Ovando se sumió en una noche constante; pero no era una noche tranquila, una noche propicia para abandonarse al sueño y soñar con la prodigiosa infancia vivida antaño; no era la clase de noche que el día suele interrumpir con rabia, celoso de la unión entre el que sueña y el difuso y arrullador tapiz de la negrura; ni era una noche natural, es decir, la progresión del día hacia lo opuesto del día; tampoco era la noche que sigue al ocaso o la noche que precede al alba. Ovando vivía en la parte más espesa de la noche, la más profunda, la parte de la noche que alberga todo sufrimiento, incluida la muerte; la parte de la noche en la que se hace visible el peso del mundo y el terror se confirma eterno. En esa noche, el cuerpo de Ovando yacía cubierto de llagas (llagas, no heridas, ya que la mano que hiere puede ser injusta y la injusticia induce a la piedad); yacía sobre un lecho de botellas rotas (y no sobre uno de clavos).

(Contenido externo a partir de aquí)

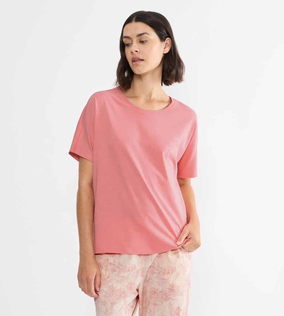 Bequemes Kurzarm-Top. Mit legerer Passform und abgerundetem Saum für einen modernen Look, komplett aus weicher und atmungsaktiver Baumwolle gefertigt.
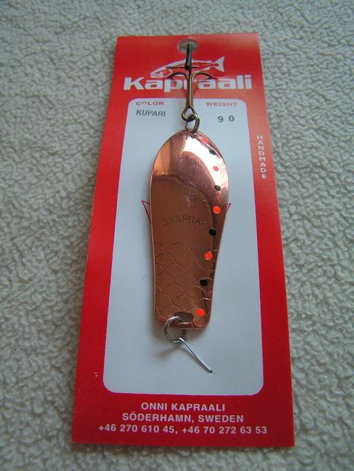 Onni Kapraalin valmistama mahtava lohi-taimen lusikka koviin koitoksiin, paino:9grammaa.

¿Quién va a juzgar a Ovando? ¿Quién puede juzgar a Ovando? Cualquier sentencia justa y verdadera estaría imbuida de amor a Ovando. La sentencia ha de llevar implícitas cierta compasión e identificación, ya que el fallo sólo será sempiterno en tanto el juez resida en Ovando y Ovando resida en el juez. Ovando no puede juzgarse a sí mismo dado que, como es de esperar, el amor que se profesa trasciende cualquier límite. Un amor así es como un gusano dormido en cada corazón, y nunca se lo debe despertar; un amor así forma en cada corazón un montón de astillas que nunca ha de encenderse. Uno de los cargos contra Ovando consiste, pues, en que se amaba tanto que todos los demás seres y objetos no eran nada para él. Yo no era nada para Ovando. Mis parientes no eran nada para Ovando. Todo aquello que podía rastrear su linaje a través de mí no era nada para Ovando. De modo tal que Ovando jamás amó nada; vivió en la nada y murió del mismo modo. No puedo juzgar a Ovando. He llegado a la extenuación en mi empeño de exponerle sus transgresiones. Me he extenuado de tanto resguardarme para impedir que con sus pecados me obsesione y, finalmente, me posea.